Return the material exactly, first line through the line containing "Американская актриса и", and nothing more. Pictures stay out.

:: Material supplied

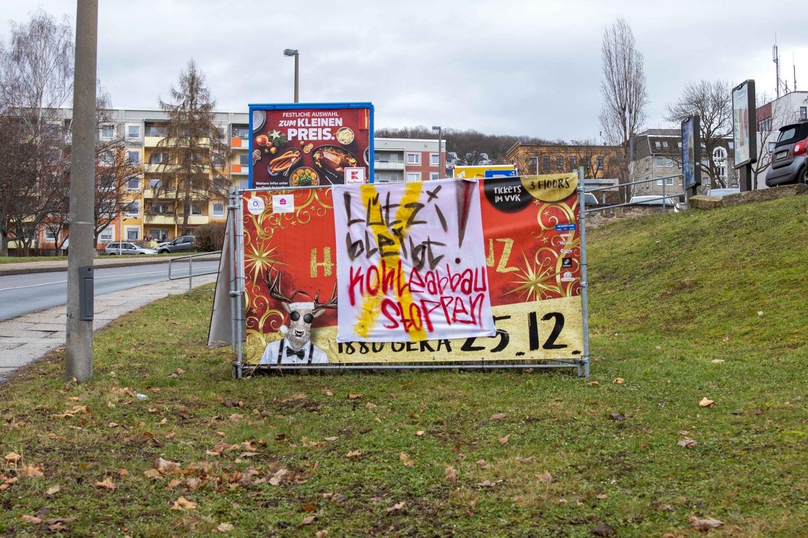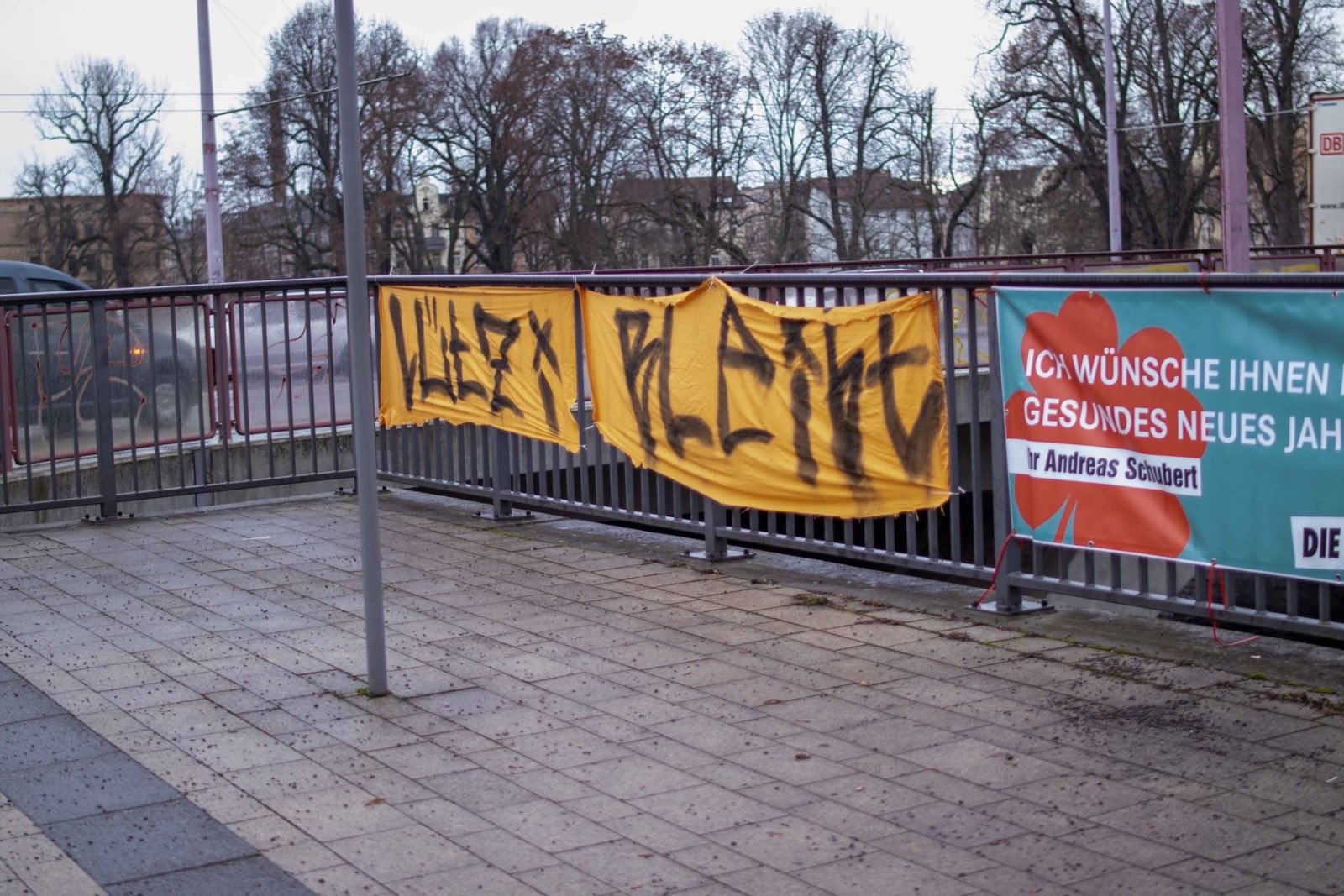 In der Nacht vom Donnerstag zum Freitag haben wir 3 Transparente, die zugespitzte Forderungen der AfD beinhalten, an den Umgehungen um Gößnitz und Altenburg aufgehängt. Die Aktion ist sowohl als Antwort auf die Wahlkampfveranstaltung der AfD in Kosma am Mittwoch, als auch als unabhängige Aktion gegen die nationalistisch-kapitalistische Partei AfD zu betrachten.
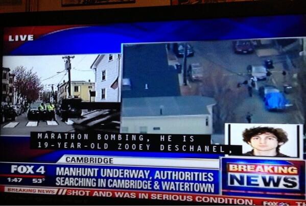 Американская актриса и певица Зои Дешанель на некоторое время стала бостонским террористом, по крайней мере, в глазах зрителей телеканала города Далласа Fox 4 Dallas-Fort Worth.
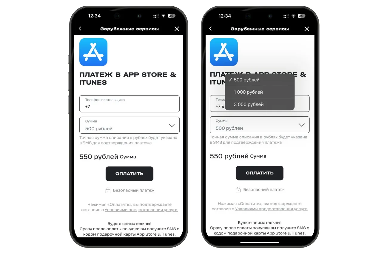 Введите свой номер телефона и номинал карты, которую вы хотите купить: 500, 1000 или 3000 рублей. Нажмите «Оплатить».
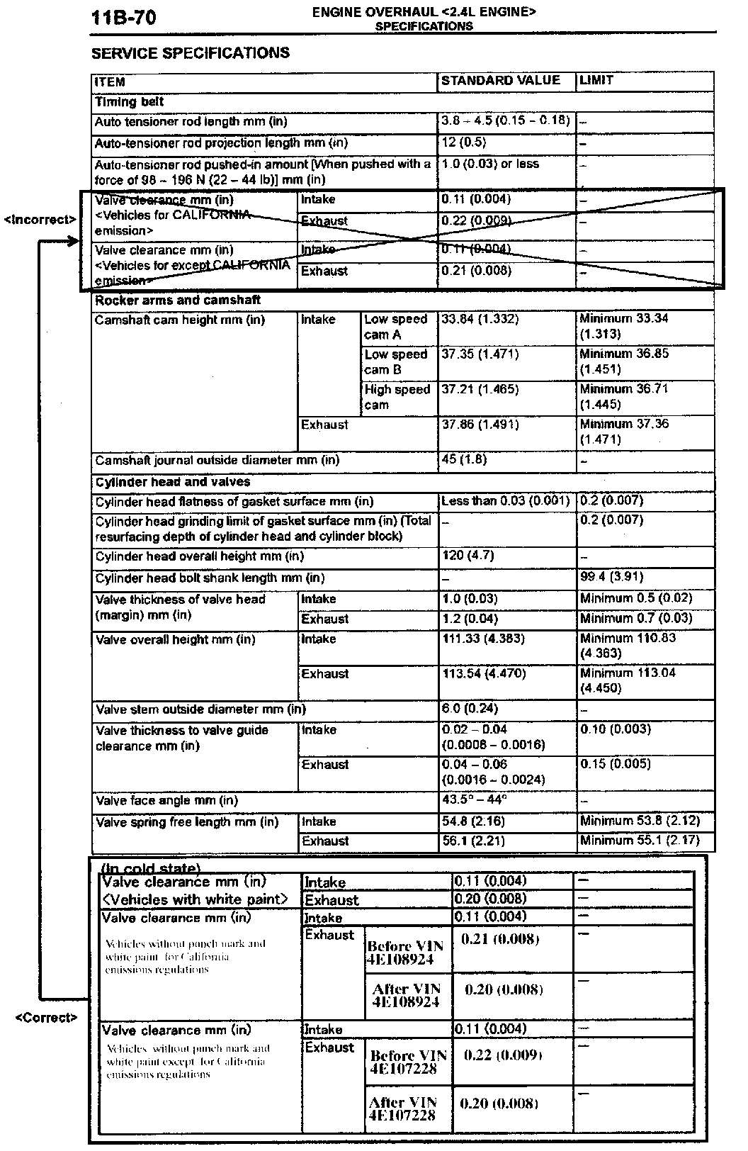 2004 Galant Service Manual, Volume 1, page 11B-70. Correct the valve clearance service specifications as shown.
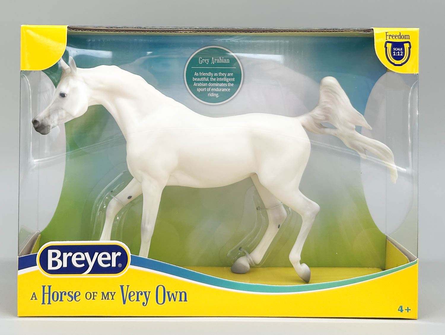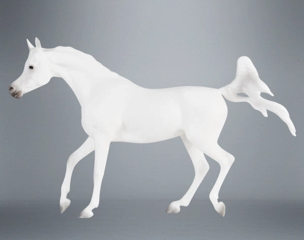 This pretty grey Arabian mare is so white that we had to darken the background just to see her! She is accented with grey shading and is sure to be a hit. She joined the Breyer line in 2026.

::::

Task result.
 In der Nacht vom Donnerstag zum Freitag haben wir 3 Transparente, die zugespitzte Forderungen der AfD beinhalten, an den Umgehungen um Gößnitz und Altenburg aufgehängt. Die Aktion ist sowohl als Antwort auf die Wahlkampfveranstaltung der AfD in Kosma am Mittwoch, als auch als unabhängige Aktion gegen die nationalistisch-kapitalistische Partei AfD zu betrachten.
 Американская актриса и певица Зои Дешанель на некоторое время стала бостонским террористом, по крайней мере, в глазах зрителей телеканала города Далласа Fox 4 Dallas-Fort Worth.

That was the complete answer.